Question

Suppose that there are two types of tickets to a show: advance and same-day. The combined cost of one advance ticket and one same-day ticket is $65. For

one performance, 40 advance tickets and 20 same-day tickets were sold. The total amount paid for the tickets was $1900. What was the price of each kind of
ticket?

Answer 1

advance tickets $30.00

same day tickets $35.00

Explanation:

1. In this equation, you are trying to find two values so you must use system of equations. Your two equations would be:

40x +20y = 1900

x + y = 65

x represents the price of advance tickets and y represents the price of same day tickets.

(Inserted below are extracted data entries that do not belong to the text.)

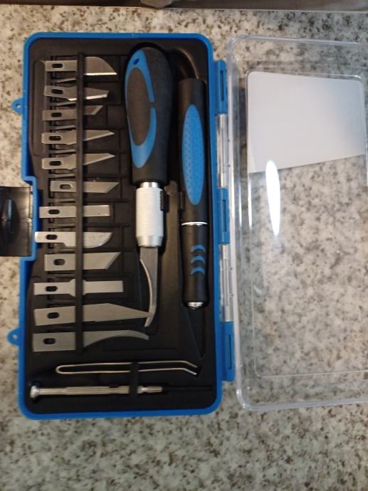 Garnitura modelirnih nožev z zamenljivimi rezili je namenjena rezbarjem, rokodelcem, modelarjem in umetnikom. Rezila so shranjena v prozorni plastični škatli.
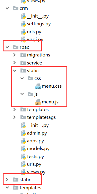 1)在base.html母版中引入,由于css和js在rbac(app)下的静态文件中,这里直接使用static开始即可。
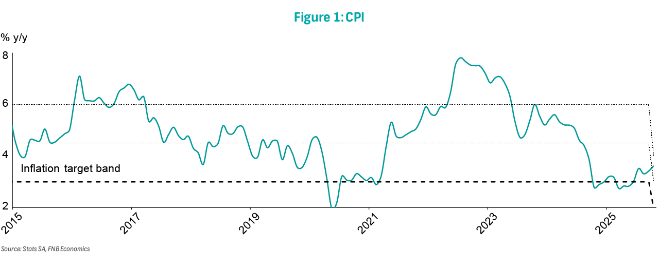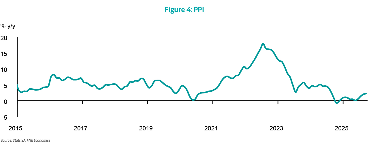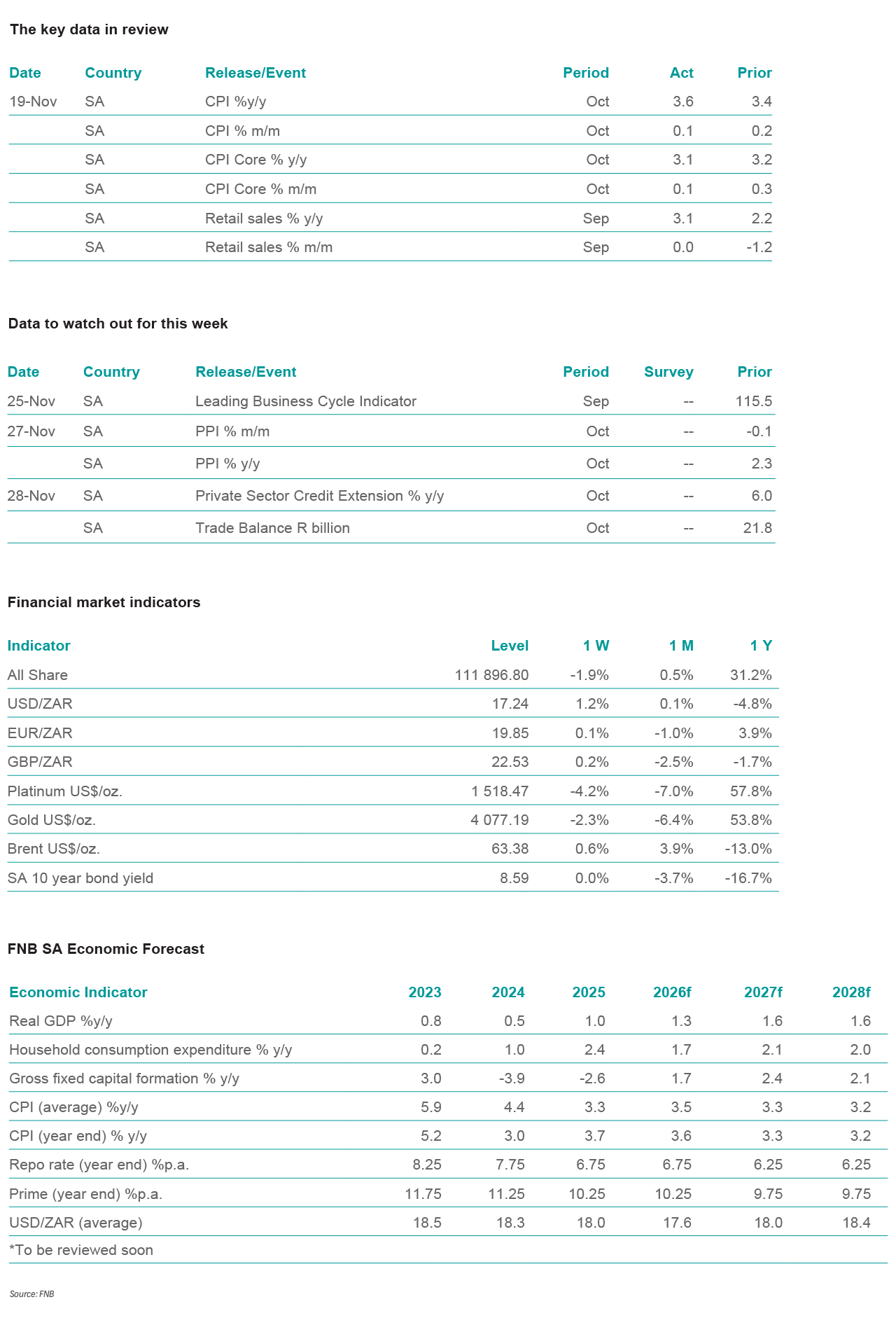 Headline inflation was recorded at 3.6% y/y in October, up from 3.4% in September. Monthly pressure was 0.1% driven by rising services costs. Core inflation was 0.1% m/m and 3.1% y/y, down from 3.2% previously. Services inflation recorded 0.2% m/m and 4.0% y/y. Core goods inflation was -0.1% m/m and 1.0% y/y. Average fuel prices rose by 0.1% m/m and were 3.3% higher than at the same time last year. Food and non-alcoholic beverages (NAB) inflation recorded 3.9% y/y, down from 4.5% previously, supported downwards by contracting vegetable prices. We see the November headline inflation print at 0.1% m/m and 3.7% y/y; however, food and NAB inflation present risks to this expectation. Ultimately, headline inflation is expected to stay below 4% over the next year, comfortably within the tolerance band, before easing toward 3% in the medium term.
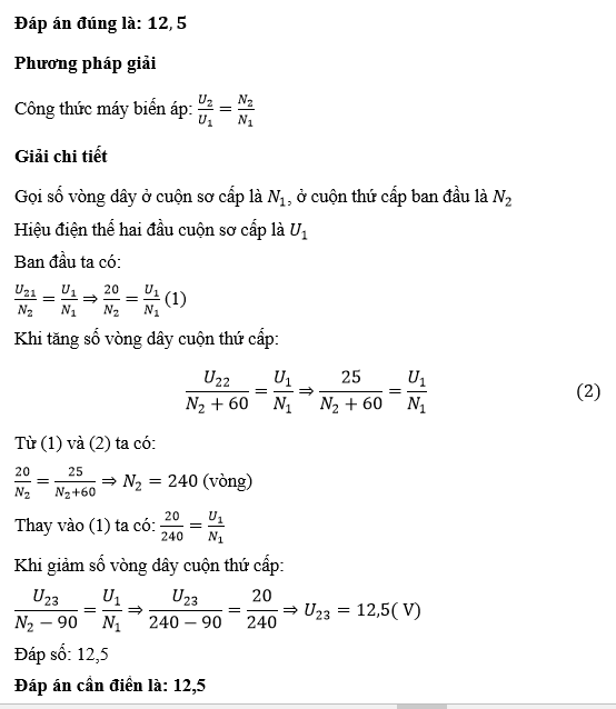 Khi đặt một điện áp xoay chiều có giá trị hiệu dụng không đổi vào hai đầu cuộn sơ cấp thì điện áp thứ cấp là 20V. Khi tăng số vòng dây cuốn cuộn thứ cấp 60 vòng thì điện áp hiệu dụng hai đầu cuộn thứ cấp để hở là 25V. Khi giảm số vòng dây thứ cấp 90 vòng thì điện áp hiệu dụng hai thứ cấp để hở là _____
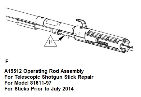 Operating Rod Assembly For Telescopic Shotgun Stick Repair For Model 81611-97 Shotgun Stick Repair - For Sticks Prior To July 2014
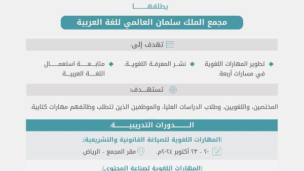 أطلقت أكاديمية الملك سلمان العالمية للغة العربية أربع دورات تدريبية لتعزيز المهارات اللغوية، وتركز هذه الدورات على الصياغة القانونية، وإنشاء المحتوى، والبحث العلمي، ومهارات الاختصار، وذلك تماشياً مع الأهداف الاستراتيجية للأكاديمية وبرنامج تنمية القدرات البشرية ضمن رؤية المملكة العربية السعودية 2030.
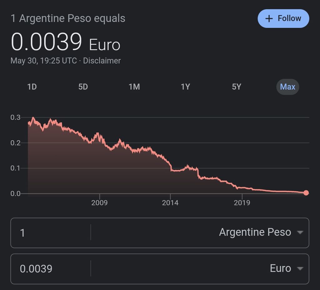 Si tu vis en Argentine mais que tes payé en dollars (ou en euros) en ce moment t'es le roi du pétrole, si t'es payé en pesos Argentin bah bonne chance, tu peux te torcher les fesses avec les billets qui valent moins que le PQ que tu peux acheter avec
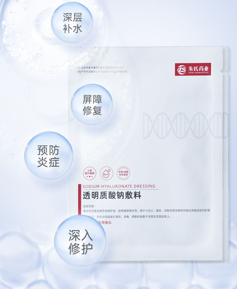 - 透明质酸钠敷料由聚丙烯无纺布、透明质酸钠、卡波姆和纯化水组成
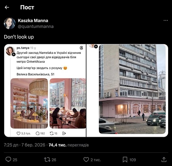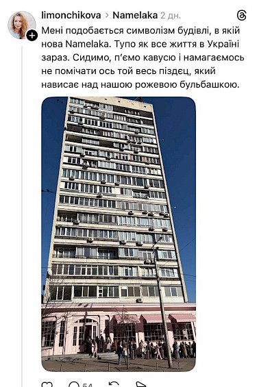 6 березня 2026 року в центрі Києва, поблизу станції метро «Олімпійська», відкрилася друга кондитерська мережі Namelaka. Попри масштабний успіх на старті, проєкт опинився в епіцентрі запеклих дискусій через радикальне візуальне рішення - рожевий фасад на базі радянської 16-поверхівки.
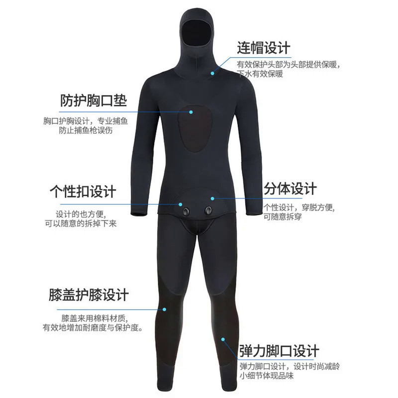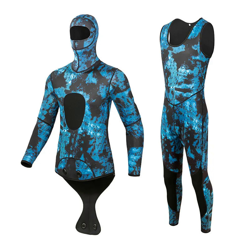 3Mm Kamuflase Wetsuit Lengan Panjang Fisi Berkerudung 2 Buah Neoprene Kapal Selam untuk Pria Tetap Hangat Pakaian Selam
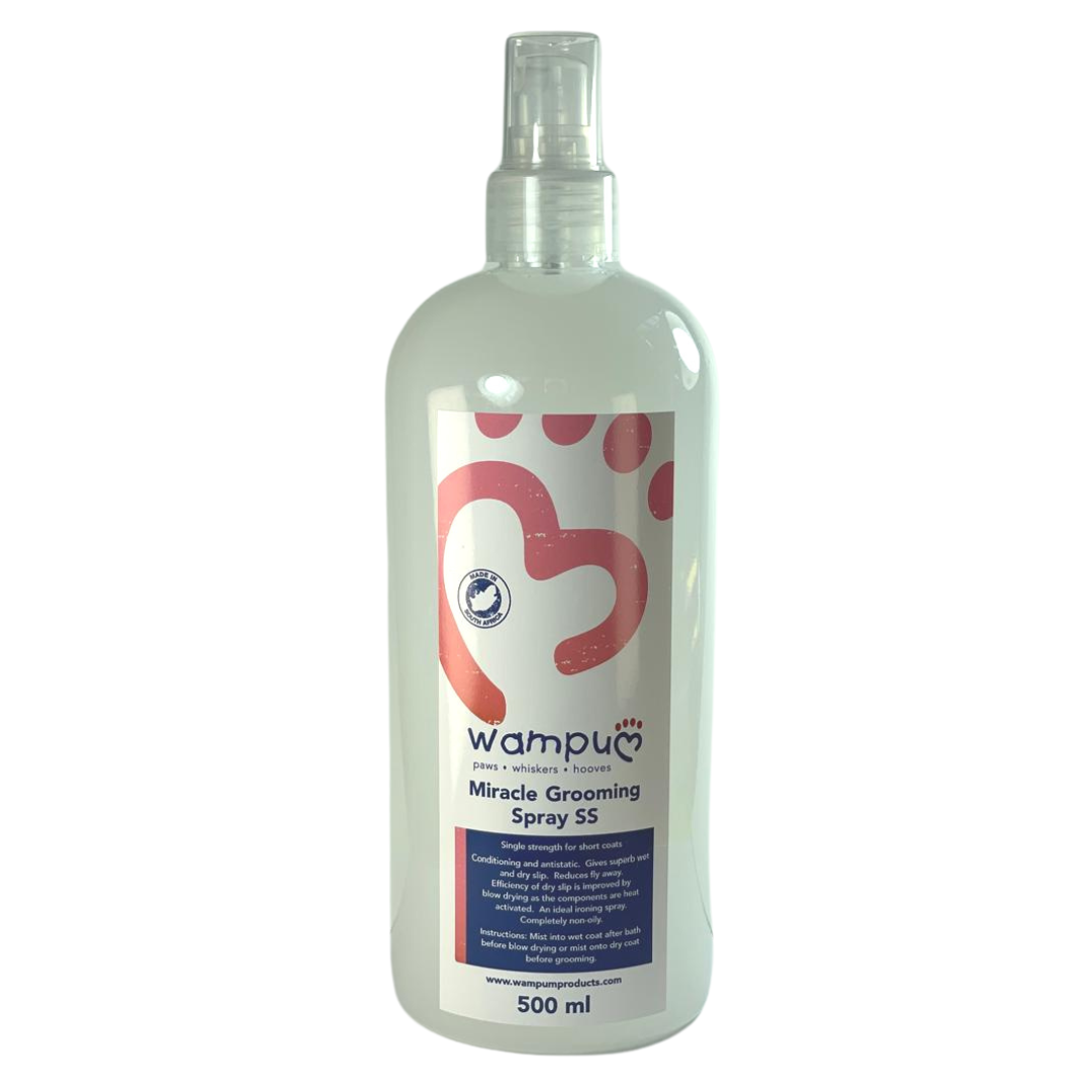 Mist into wet coat after bath before blow drying or mist onto dry coat before grooming.
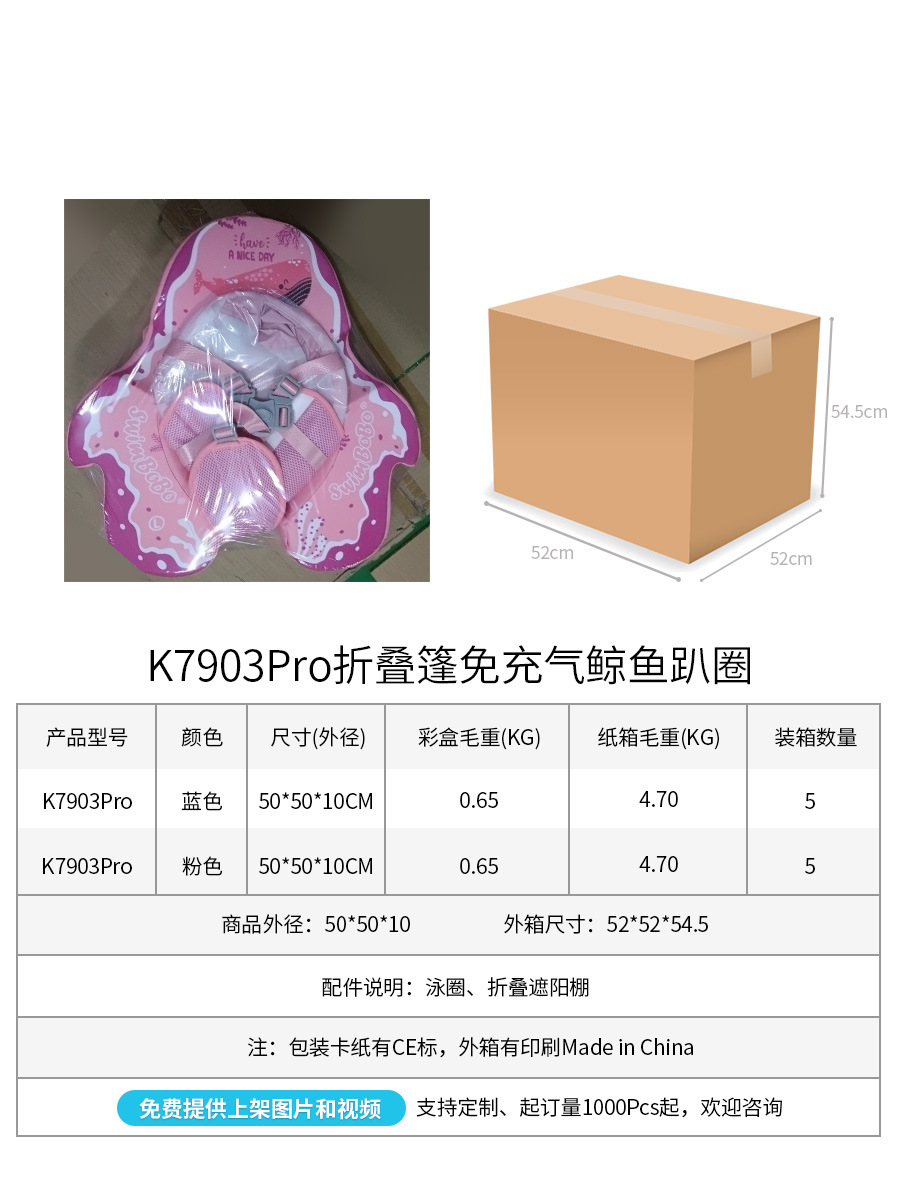 swimbobo婴幼儿免充气趴圈带遮阳蓬游泳圈游泳馆浮圈厂家跨境批发

2. Solve the equation by performing elimination using multiplication. Multiple one equation by a constant to get two equations that contain opposite terms.

40x + 20y = 1900

-40(x + y = 65) → -40x + -40y = -2600

3. Add the equations, eliminating one variable. (add -40x + -40y = -2600 to 40x + 20y = 1900)

40x + 20y = 1900

+ -40x + -40y = -2600

Results in: -20y = -700

Solve for y by dviding both sides by -20.

y = 35

4. Substitute the solved value into one of the equations and solve for the remaining variable.

x + 35 = 65

Subtract 35 from both sides to solve for x.

x = 30

The advance tickets were $30.00 and the same day tickets were $35.00.